Alın Veli Küçük... Çetelere dahil mi, değil mi?

Ya da Hanefi Avcı, veya Bülent Orakoğlu... Ve dahi Mehmet Eymür... Hatta Korkut Eken...

Bu isimler kendilerini temizleyemiyorlar. Peki ya bağlı oldukları kurumlar. Onlar neden korkuyorlar?.. Neden bu adamlar yüzünden karalanma riskini göze alıyorlar?.. Neden yargıya güvenmiyor; neden adamlarının aklanma, adamları aklanamıyorsa, bu pislikten kurtulma yoluna gitmiyorlar.

Kimimiz çocuklarımıza onları suçlu ve çeteci olarak anlatacağız ilerde, kimimiz kahraman.

Ama gerçekte ne olduklarını hiç, ama hiç bilmeyeceğiz.

Korkarım ki, ne olduklarını kendileri de bilemeyecekler!

Vurun, biz sizi koruruz

Işın Gürel'e saldıran zorbaya Refah Partili Bakan tarafından iş ve lojman verilmesinin anlamı nedir hiç düşündünüz mü?

Bu şu demek: ‘‘Beyler siz bizim görüşlerimize ters düşen, ters düşmesi muhtemel olan herkese saldırın.
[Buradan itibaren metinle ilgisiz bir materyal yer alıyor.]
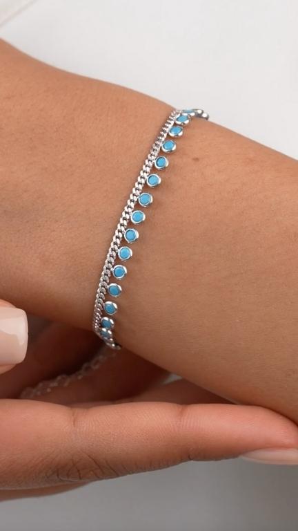 Bu muhteşem bileklik, en kaliteli gümüş malzemeden üretilmiştir ve üzerindeki mavi zirkon taşlar ile dikkatleri üzerine çekmektedir. Kadınlara özel tasarlanmış olan Figaro zinciri de bilekliğe ayrı bir hava katmaktadır. Bilekliğin figaro yapısı, her türlü kıyafetle mükemmel uyum sağlar ve her an kullanıma uygundur.

Dövün, vurun, kırın ve hatta gerekirse öldürün. Korkmayın. Biz arkanızdayız. Size bakarız, hapse düşerseniz besleriz. Çıkınca da iş, aş ve ev veririz...''

Evet yapılan işin manası bu.

Çünkü bunların her şeyi sahtekârlık, takıyye.

O gün ekrana çıkar zorbayı kınarlar, ardından iş verirler.
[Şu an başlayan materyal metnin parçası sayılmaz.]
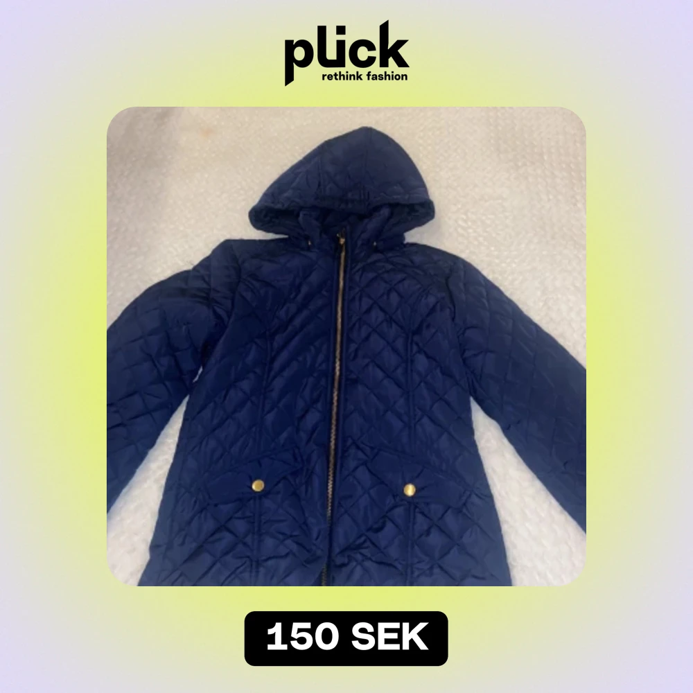 Bra skick marinblå jacka med luva och fickor från Lindex

Tıpkı sözde partilerinden attıkları Şevki'ye, kendilerine pezevenk dediği halde sahip çıktıkları gibi.

Sakın ha!

Demirel, Bakanlar Kurulu'nu kabulünde, ‘‘Ağır ama sağlam gidin'' demiş.

Sayın Demirel bu işi bilir.

Kendisi, başbakanlık dönemlerinde hep öyle yapmıştır.

Ağır ama sağlam gitmiştir.

O kadar ağır gitmiştir ki, ‘‘Damgam var'' dediği 30 yıla baktığınızda ‘‘İşte bunu Demirel yaptı'' diyebileceğiniz hiçbir büyük şey yoktur.

Demirel'in 30 yılda yapamadığını, sevelim veya sevmeyelim Özal 8 yılda fazlasıyla yapmıştır.

Buna mukabil Demirel sağlam gitmiştir ki, 30 yılı devirdiği halde hâlâ siyasette, Türkiye'nin tepesindedir.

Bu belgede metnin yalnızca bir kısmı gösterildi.